**Study material:**
--*--
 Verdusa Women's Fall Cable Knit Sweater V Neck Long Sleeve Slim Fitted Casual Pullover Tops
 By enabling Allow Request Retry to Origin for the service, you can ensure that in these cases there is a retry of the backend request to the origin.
--*--
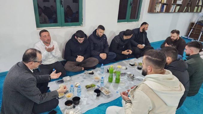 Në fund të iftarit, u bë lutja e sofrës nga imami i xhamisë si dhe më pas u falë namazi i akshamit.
--*--
**Task directions:** Within the listing above, extract exactly the lines from the line with "Verdusa Women's Fall" to the line with "By enabling Allow", the two named lines included, and no others.

**Solution to the problem:**
 Verdusa Women's Fall Cable Knit Sweater V Neck Long Sleeve Slim Fitted Casual Pullover Tops
 By enabling Allow Request Retry to Origin for the service, you can ensure that in these cases there is a retry of the backend request to the origin.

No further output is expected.